2. Re a previous point made by Stanislav regarding "taking over a NAPI
ID" when the channel count changes: mlx5 seems to call napi_disable
followed by netif_napi_del for the old queues and then calls
napi_enable for the new ones. In this RFC, the NAPI ID generation is
deferred to napi_enable. This means we won't end up with two of the
same NAPI IDs added to the hash at the same time.
Can we assume all drivers will napi_disable the old queues before
napi_enable the new ones?
- If yes: we might not need to worry about a NAPI ID takeover
function.
- If no: I'll need to make a change so that the NAPI ID generation
is deferred only for drivers which have opted into the config
space via calls to netif_napi_add_config
3. I made the decision to remove the WARN_ON_ONCE that (I think?)

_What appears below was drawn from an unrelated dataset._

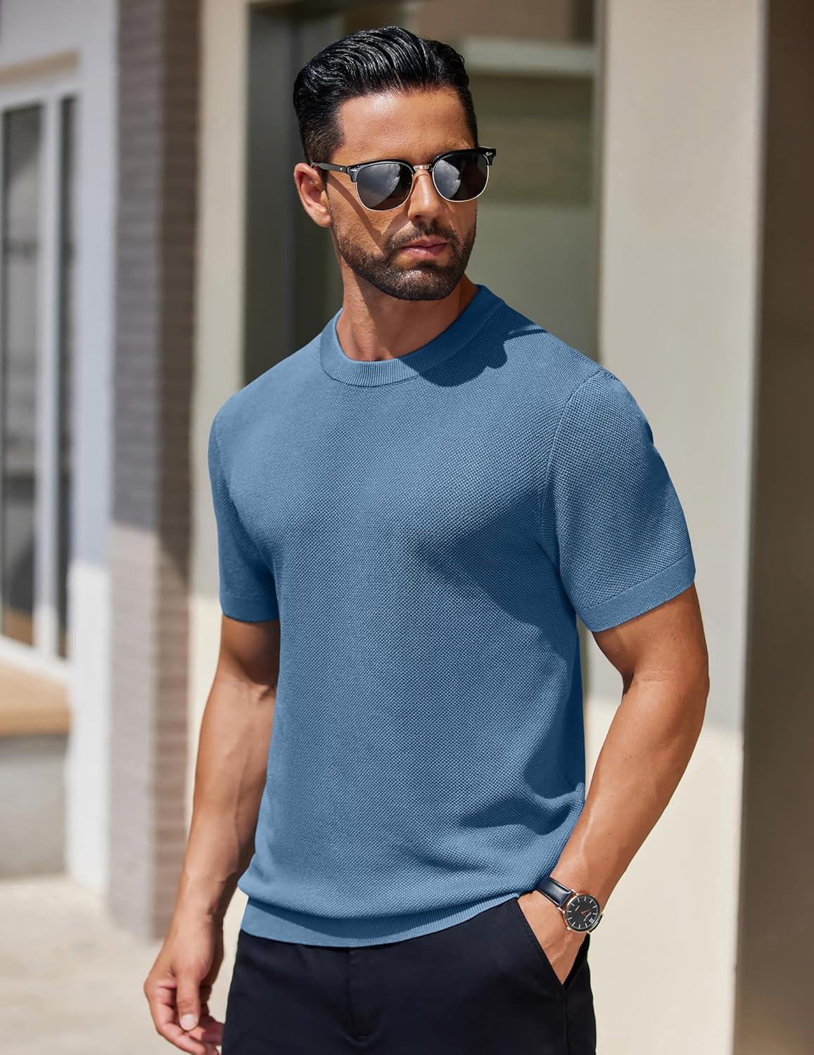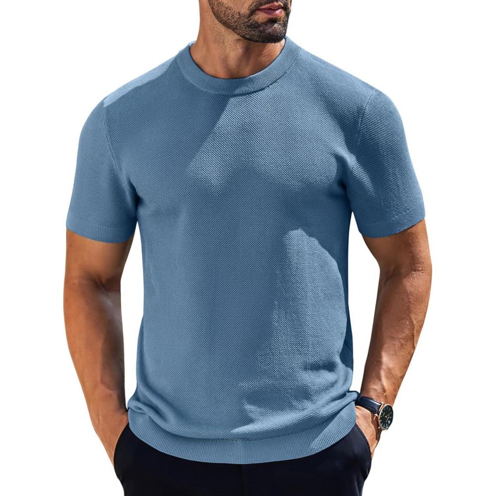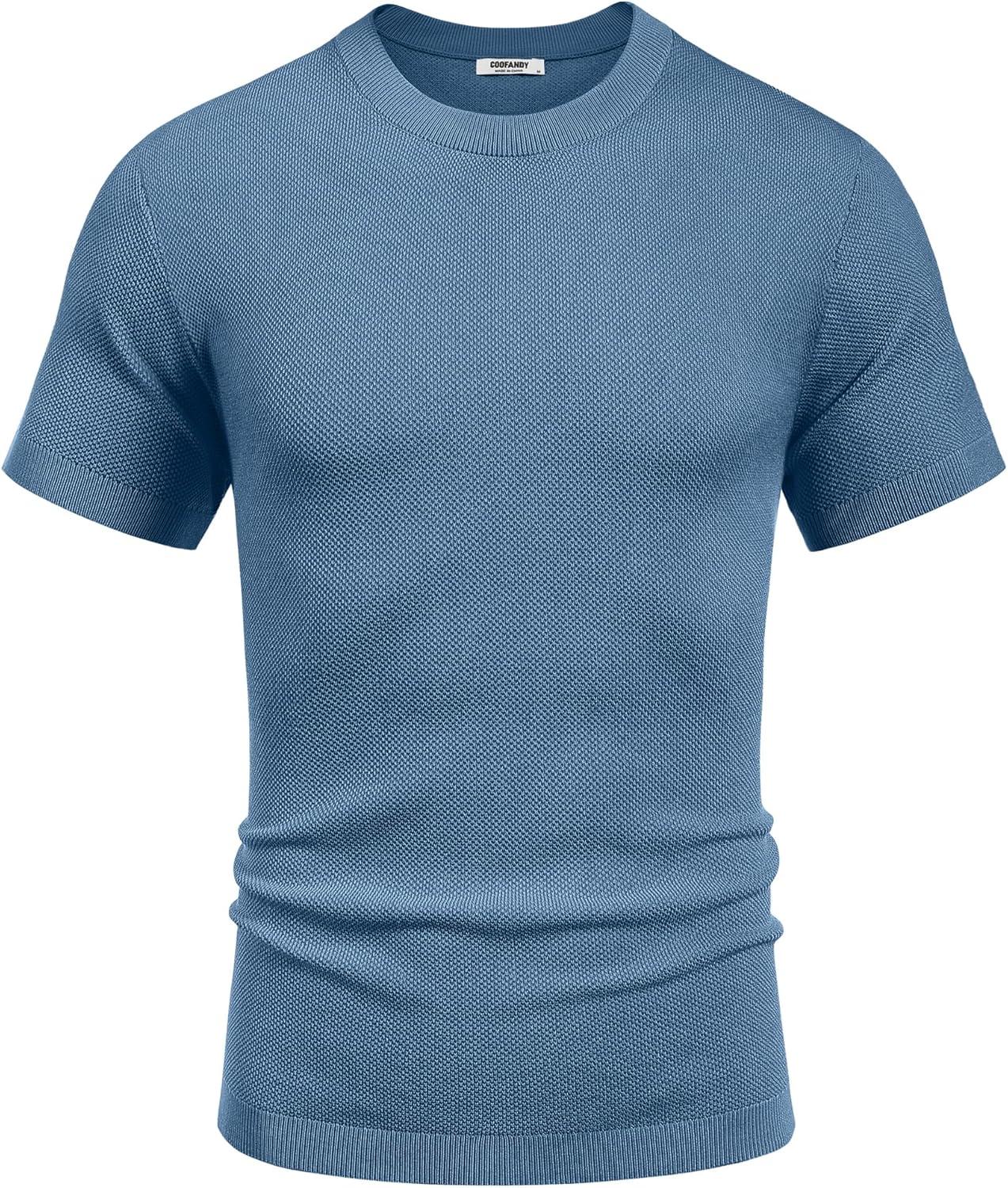 COOFANDY Men’s Knit T-Shirts Short Sleeve Crewneck Shirt Casual Textured Pullover Tees(Gray Blue)

Jakub previously suggested in alloc_netdev_mqs (WARN_ON_ONCE(txqs
!= rxqs);) because this was triggering on every kernel boot with my
mlx5 NIC.
4. I left the "maxqs = max(txqs, rxqs);" in alloc_netdev_mqs despite
thinking this is a bit strange. I think it's strange that we might
be short some number of NAPI configs, but it seems like most people
are in favor of this approach, so I've left it.

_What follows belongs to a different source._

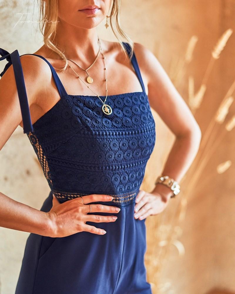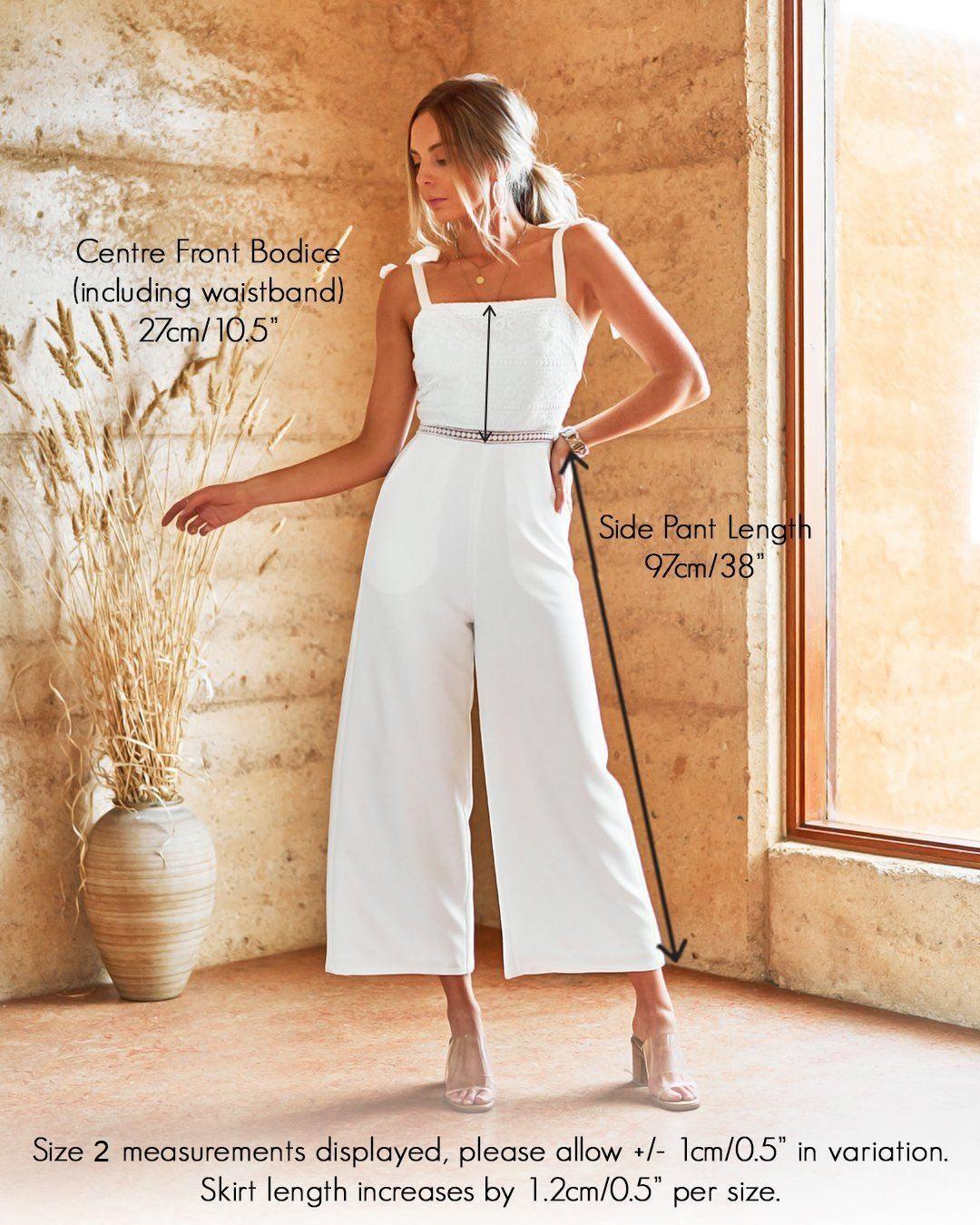 The Beryl Jumpsuit features gorgeous detailing at the front and back with a flattering cut. The lace-back bodice is intricately embroidered, with ribbon-tie straps and super comfy flared pants and a sweet lace waistband. It is fully lined except for the lace waistband and has a center back zipper.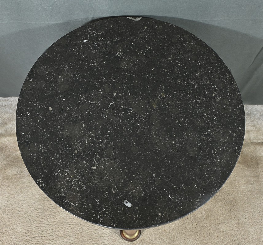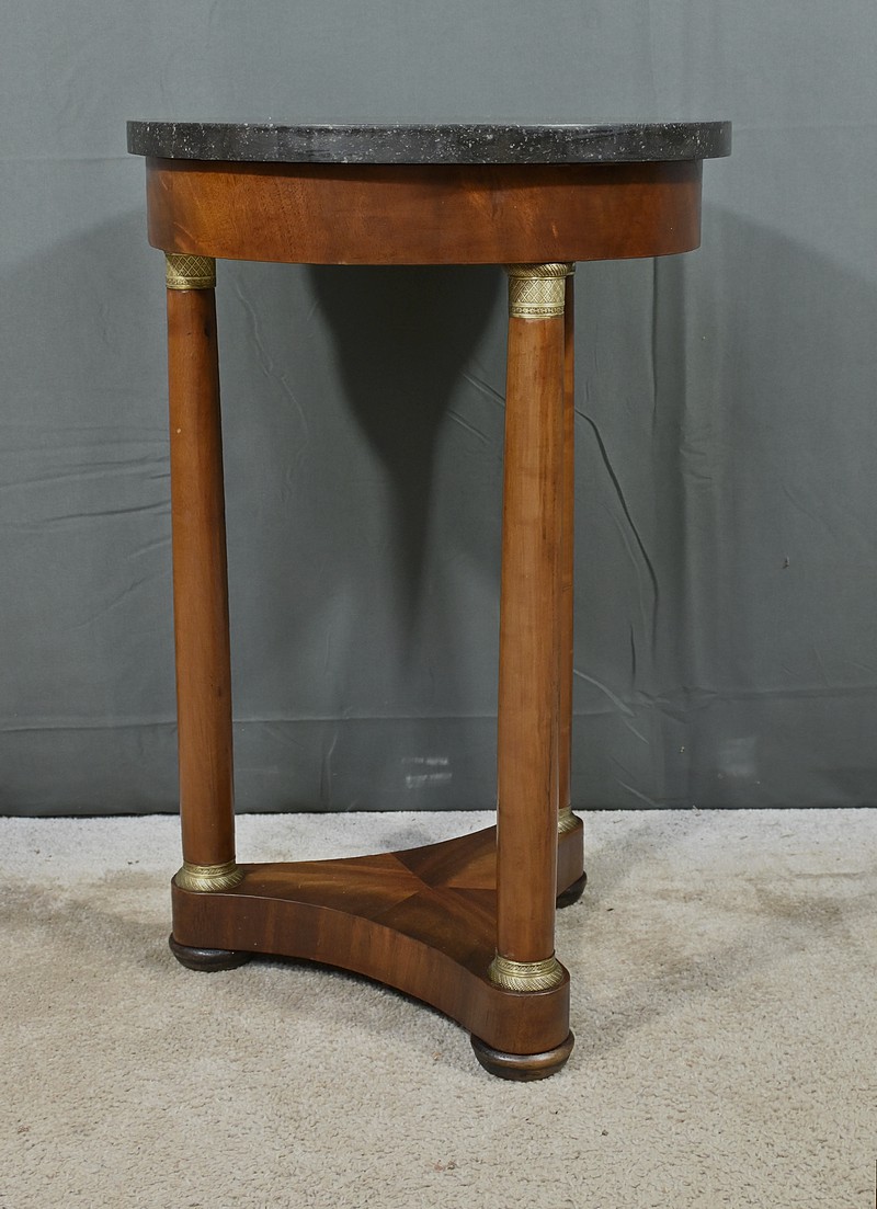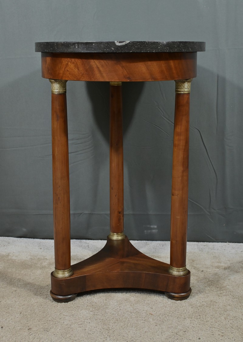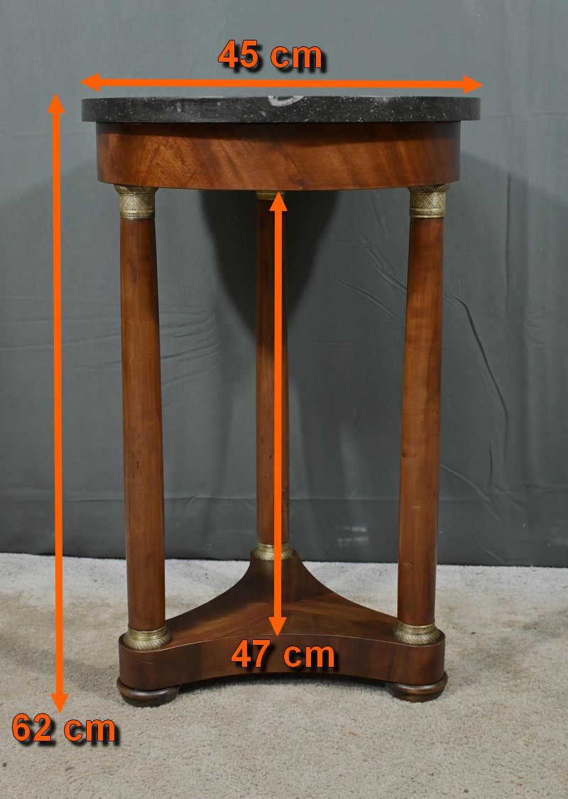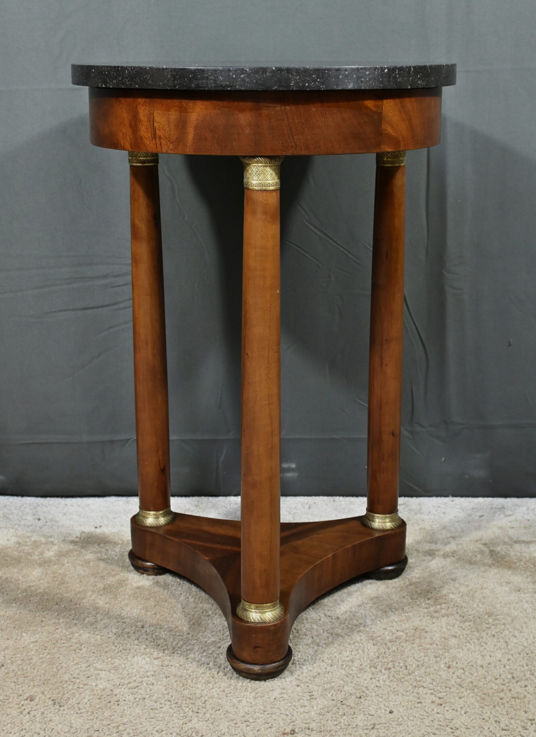 Élégant guéridon en acajou de style Empire de forme circulaire, sommé d’un marbre noir Sainte Anne. La ceinture est soutenue par trois colonnes cylindriques. Elles sont munies de bagues à chapiteau en bronze en partie haute et de collerettes ciselées en partie basse.

I'd appreciate thoughts from reviewers on the above items, if at all
possible.
Now, on to the implementation.
Firstly, this implementation moves certain settings to napi_struct so that
they are "per-NAPI", while taking care to respect existing sysfs
parameters which are interface wide and affect all NAPIs:
- NAPI ID
- gro_flush_timeout
- defer_hard_irqs
Furthermore:
- NAPI ID generation and addition to the hash is now deferred to
napi_enable, instead of during netif_napi_add
- NAPIs are removed from the hash during napi_disable, instead of
netif_napi_del.
- An array of "struct napi_config" is allocated in net_device.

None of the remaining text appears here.